Proactive IT Monitoring

Monitoring and incident, change, and problem management are very tightly intertwined and must work closely together to ensure issues are prevented or corrected as quickly as possible, and that they do not recur.

Monitoring process

Monitoring should be proactive, not reactive. Its purpose is to sound an alert when something has the potential for failing, not to notify when something breaks. It alerts the right people that a failure may occur if an action is not taken to correct the event that just occurred.

Early warning alerting and monitoring can be done in various ways and through numerous tools. One way is by setting thresholds so that alerts are generated when an event reaches a specified value. For example, an alert would be generated if the hard drive on a server with 500 MB of space gets down to 75 MB free, in other words if 85% of the available space is used. The first alert would be sent to the command center (and hopefully the support staff) when available space on the drive reaches 15%. When the first alert shows up, someone should be dispatched to investigate and correct the issue. If the incident is not corrected, a second alert would be generated and sent when available space reaches 10%. A third alert would be sent when the available space reaches 5%. If the condition is not fixed, when the available space reaches zero, the server will crash and your customers will be unable to perform the functions that generate your income. If you let that happen often enough, your customers will take their business elsewhere.

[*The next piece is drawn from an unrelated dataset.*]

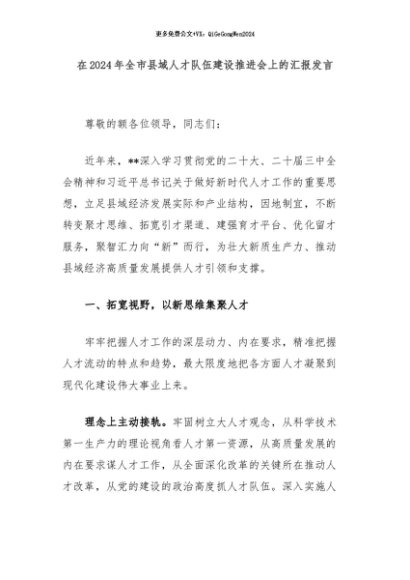 【七哥公文】2024年:在2024年全市县域人才队伍建设推进会上的汇报发言+更多免费公文+VX:QiGeGongWen2024

Some support team members will want to know when available space reaches, let's say 15%, but will not act until it reaches 10%. They will instruct the command center member calling them to ignore the alert and to call back when available space reaches 10%. That is a mistake, and any request to ignore an alert should be rejected. Situations like that can be addressed by sending the 15% alert only to the support team and the subsequent alerts to the command center. Ignoring alerts on the command center monitoring screens for any reason is a recipe for disaster. Before long, the monitoring screens will be flooded with non-actionable alerts, increasing the likelihood for a real alert to be missed and an outage to occur.

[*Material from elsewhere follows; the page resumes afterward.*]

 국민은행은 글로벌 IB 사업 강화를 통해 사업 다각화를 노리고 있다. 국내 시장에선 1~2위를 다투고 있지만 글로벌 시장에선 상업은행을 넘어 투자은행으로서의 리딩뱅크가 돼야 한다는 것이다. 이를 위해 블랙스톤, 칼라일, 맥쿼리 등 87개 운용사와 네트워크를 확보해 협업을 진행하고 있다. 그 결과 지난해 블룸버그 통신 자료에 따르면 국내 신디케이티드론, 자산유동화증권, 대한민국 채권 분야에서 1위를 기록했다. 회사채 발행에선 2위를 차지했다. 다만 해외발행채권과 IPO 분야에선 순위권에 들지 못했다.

Available space on a hard drive is one example, but the monitoring team will receive hundreds of types of alerts. Everything that might affect the integrity of the domain for which the command center is responsible must have a way to send a notification if a potential failure may occur, before the situation becomes critical.

Another way for generating early warning detection alerts is through applications internal error reporting routines, picking up critical messages and displaying them on the monitoring screens. Those types of alerts are implemented with the aid of the application development team.

Incident management process

An incident management team with a properly defined and executed process helps to ensure problems are well-documented, broadcast to all required parties, and resolved as quickly as possible. One of the most important functions of the incident management team is to document every action taken during the incident management process. Who is called, who responds, who does what, and what happens during the process must all be documented in the trouble ticket that's created for each specific event.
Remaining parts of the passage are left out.